Ce que révèle l’«agression antisémite» de Sarcelles

L’emballement disproportionné des premières heures – aujourd’hui retombé – a suscité son lot habituel de commentaires tendancieux sur les «banlieues musulmanes». Mais pas seulement. Un nouveau palier vient d’être franchi dans la construction du discours sur le «nouvel antisémitisme». Une véritable inversion dans la charge de la preuve

[Mea culpa. La première version de cet article contenait une grave inexactitude. J’ai eu le tort de prendre pour argent comptant les propos tenus à l’Assemblée nationale par l’ancien maire de Sarcelles et le non-démenti dans la réponse du Ministre de l’intérieur. Il m’appartiendra à l’avenir d’être plus prudent et rigoureux. J’ai donc modifié la fin de cet article]

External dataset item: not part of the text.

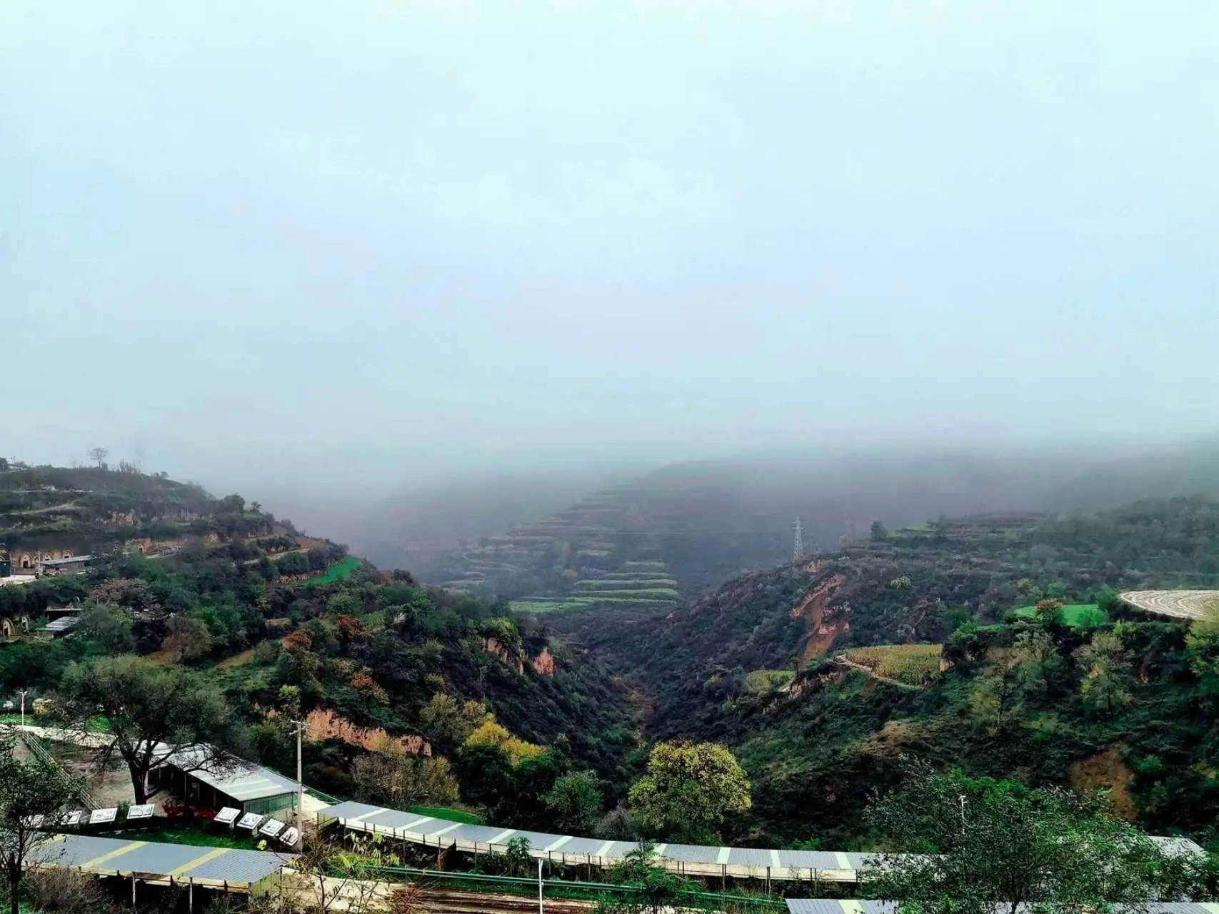 大寨鄉(xiāng)海拔1540米、北緯35.38度,屬溫帶半干旱氣候,四季分明、風(fēng)景宜人,豐富的水資源和廣袤的植被共同構(gòu)筑了獨特的局部小氣候,使得大寨鄉(xiāng)在降雨之后,常常云霧繚繞。如紗的霧氣縈繞于山巒溝壑之間,將遠山近樹渲染成一幅流動的水墨畫。

Résumons. Le 31 janvier, un enfant juif de huit ans portant kippa dit avoir été agressé dans la rue par deux jeunes adolescents noirs qui l’auraient mis à terre et frappé. Ses parents portent plainte au commissariat de Sarcelles. Deux jours après, c’est l’emballement. Tous les grands médias – presse écrite, radios, télés – évoquent cette affaire sans beaucoup de recul. Les faits allégués – et au premier chef, le mobile antisémite – sont tenus pour établis. On parle alors d’un « enfant roué de coups », d’un véritable « passage à tabac ». Sur son compte Twitter, Emmanuel Macron considère que c’est « toute la République qui est agressée » par ces « actes ignobles ». A l’Assemblée nationale, lors des questions d’actualité, le premier ministre exprime le souhait que « la Justice passe avec sévérité ».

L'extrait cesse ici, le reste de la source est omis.